§ **EXERCISE PROMPT**:
Your copy should run exactly from the line containing "(一)建面约 83㎡ 两室两厅一卫 —— 爆款刚需两房(总价约 670-730 万)" to the last line of the entries below, and it should include no pictures.

Collection entries
════════════════

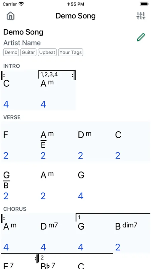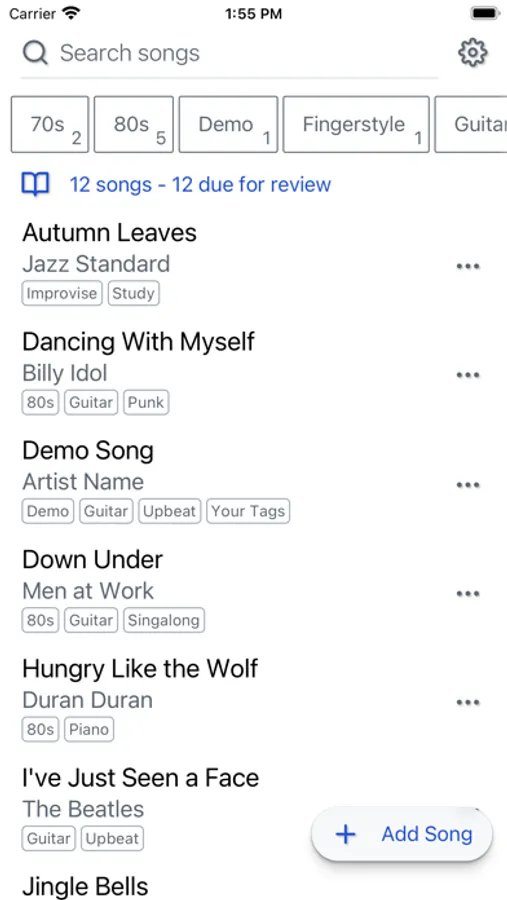 * Use tags to organize your songs or create a set list.
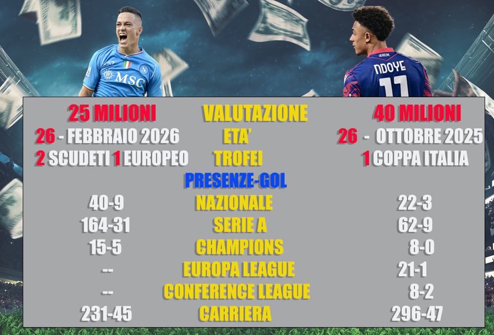 Ovviamente il tifoso nel leggere queste cifre, si chiede come sia possibile tale differenza se è Raspadori ad aver vinto 2 Scudetti e ad aver segnato di più (media gol di Raspadori 1 ogni 5,13 partite, media gol di Ndoye 1 ogni 6,30 partite). Inoltre Raspadori vanta più presenze e più gol di Ndoye anche in Champions League.
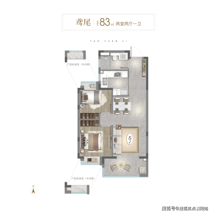 (一)建面约 83㎡ 两室两厅一卫 —— 爆款刚需两房(总价约 670-730 万)
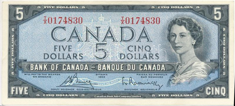 Leírás: Kanada 1972. (1954) 5$ átalakított haj. Szign.: Bouey-Rasminsky T:II,II-
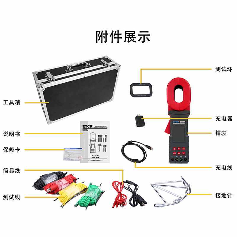 | 測試線 | 4條:紅色20m,黑色20m,黃色10m,綠色10m各1條 |
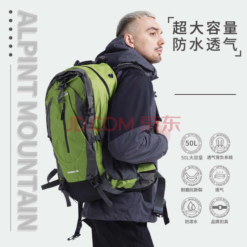 商品相册:ALPINT MOUNTAIN埃尔蒙特50L登山包徒步旅行背包男士大容量双肩包户外轻便旅行包第
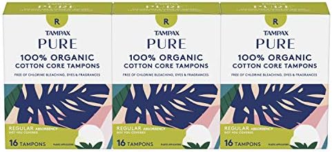 Tampax Pure 100 Organic Cotton Core Regular Absorbency Tampons
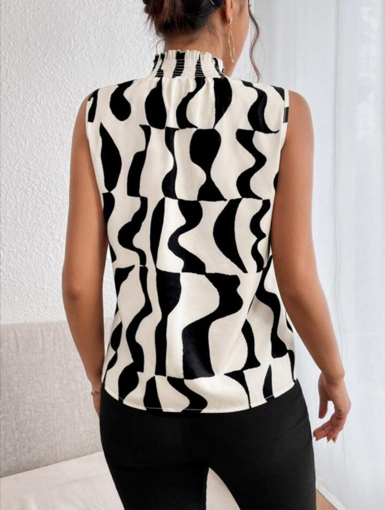 Kadın Kolsuz Balıkçı Yaka Desenli Süprem Bluz

════════════════

§ **WRITTEN REPLY**:
 (一)建面约 83㎡ 两室两厅一卫 —— 爆款刚需两房(总价约 670-730 万)
 Leírás: Kanada 1972. (1954) 5$ átalakított haj. Szign.: Bouey-Rasminsky T:II,II-
 | 測試線 | 4條:紅色20m,黑色20m,黃色10m,綠色10m各1條 |
 商品相册:ALPINT MOUNTAIN埃尔蒙特50L登山包徒步旅行背包男士大容量双肩包户外轻便旅行包第
 Tampax Pure 100 Organic Cotton Core Regular Absorbency Tampons
 Kadın Kolsuz Balıkçı Yaka Desenli Süprem Bluz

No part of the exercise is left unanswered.